Doing simulations on the hierarchy - recalculating price

If we change something in the price of one of the nodes at the lowest level of the hierarchy, then that would obviously affect the price of the product at the top of the hierarchy. So how can we recalculate price? The "brute force" way is of course to re-run the sweeping query above, and run through the entire hierarchy again. But now that we have the intermediate prices, we can do this much more intelligently.

Essentially what we will do is, when we do the update of the price of the COST_COMPONENT, we will at the same time also update all of the intermediate prices above it.

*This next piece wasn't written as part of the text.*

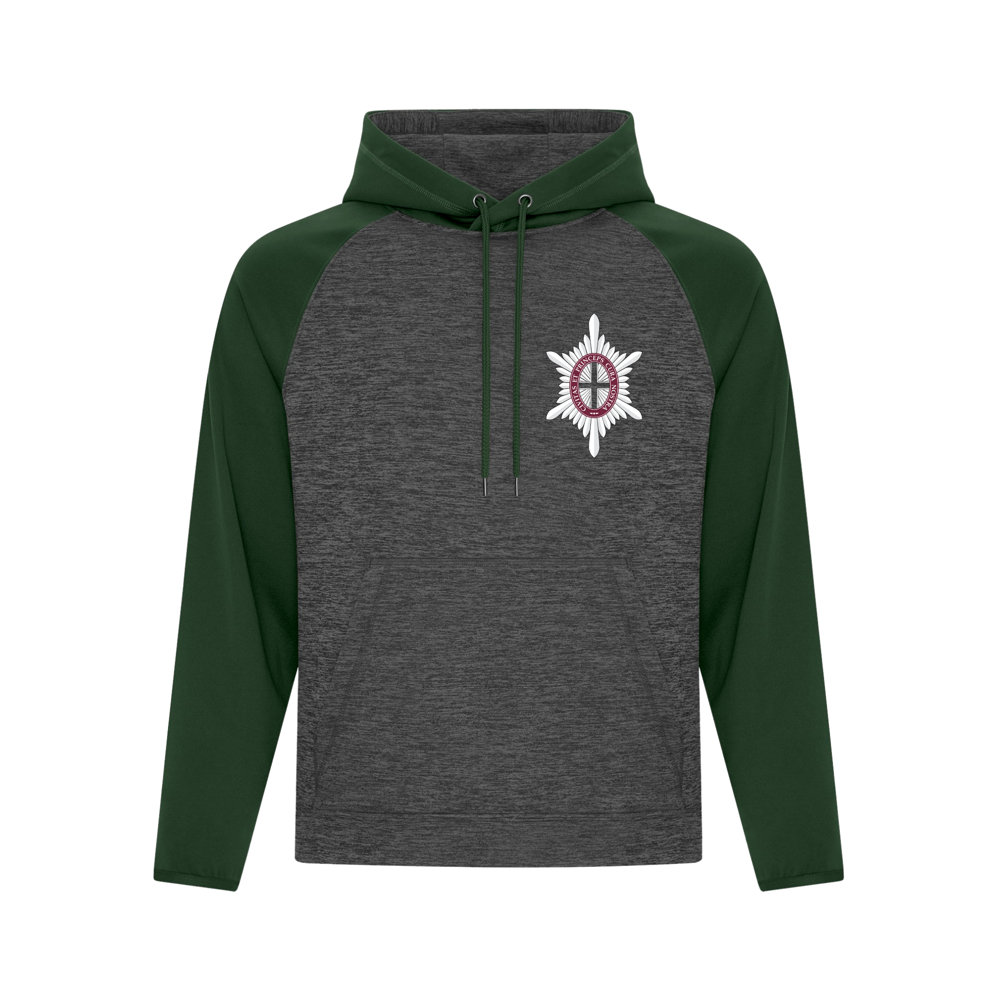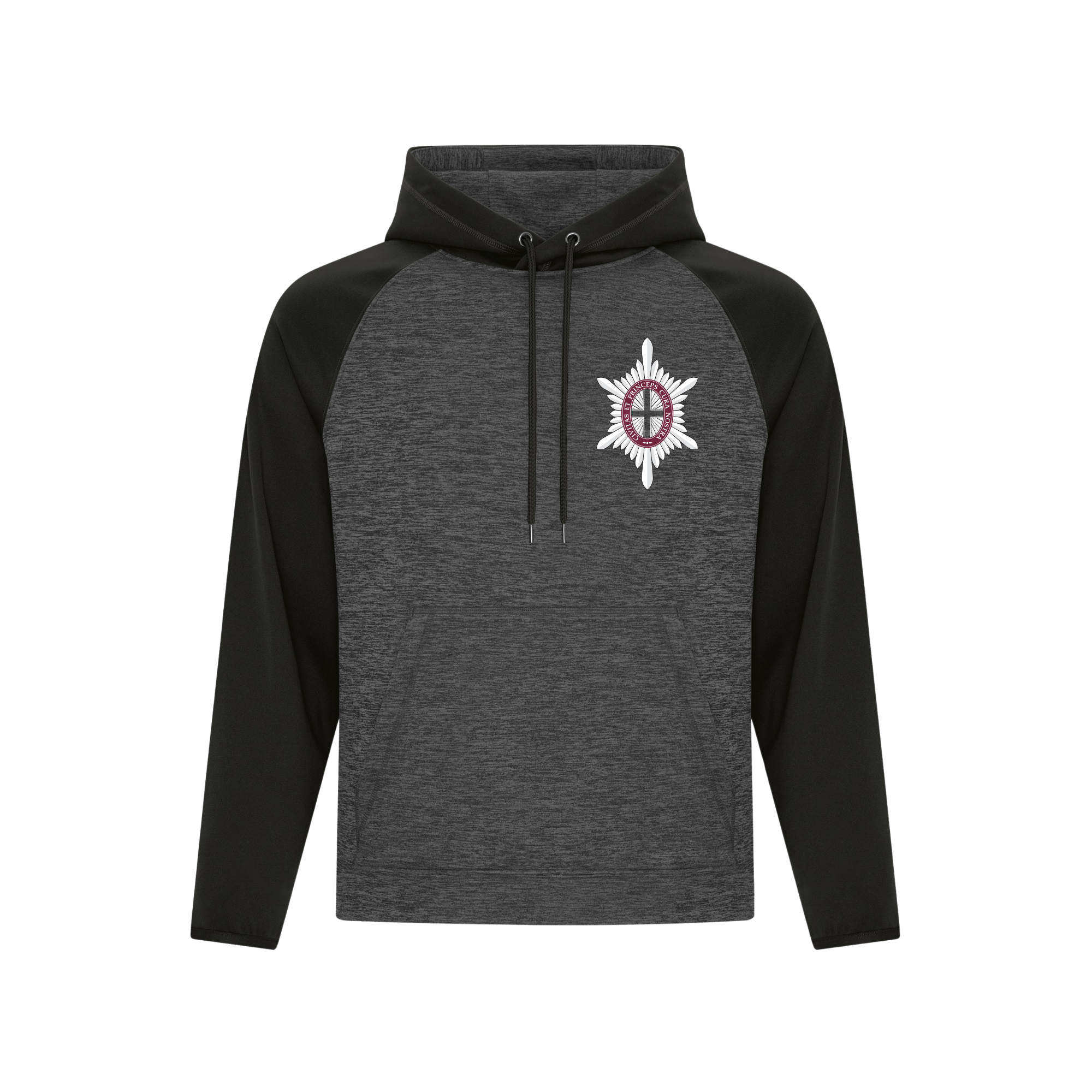Baseball style hoodie. 100% performance polyester interlock with wicking technology

And, consequently, also recalculate the price of the top-level of the hierarchy, the PRODUCT level.

Here's the query that I wrote:

//Changing the price of ONE COST_COMPONENT
match (n6:COST_COMPONENT)
with n6, n6.price as OLDPRICE limit 1
set n6.price = n6.price*10
with n6.price-OLDPRICE as PRICEDIFF,n6
match n6-[r5:PART_OF]->(n5:COST)-[r4:PART_OF]->(n4:COST_SUBTYPE)-[r3:PART_OF]->(n3:COST_TYPE)-[r2:PART_OF]->(n2:COST_GROUP)-[r1:PART_OF]-(n1:PRODUCT)
set n5.price=n5.price+(PRICEDIFF*r5.quantity),
n4.price=n4.price+(PRICEDIFF*r5.quantity*r4.quantity),
n3.price=n3.price+(PRICEDIFF*r5.quantity*r4.quantity*r3.quantity),
n2.price=n2.price+(PRICEDIFF*r5.quantity*r4.quantity*r3.quantity*r2.quantity),
n1.price=n1.price+(PRICEDIFF*r5.quantity*r4.quantity*r3.quantity*r2.quantity*r1.quantity)
return PRICEDIFF, n1.price;

It basically does a couple of things:

  • it takes 1 COST_COMPONENT, and extracts the price (OLDPRICE)
  • it changes the price of that COST_COMPONENT to *10 as expensive
  • it stores the price difference between old and new price in a PRICEDIFF variable
  • it then runs through all the levels ABOVE the COST_COMPONENT involved, and changes the intermediate pricing of those nodes. By doing so, we get the new price at the top of the hierarchy.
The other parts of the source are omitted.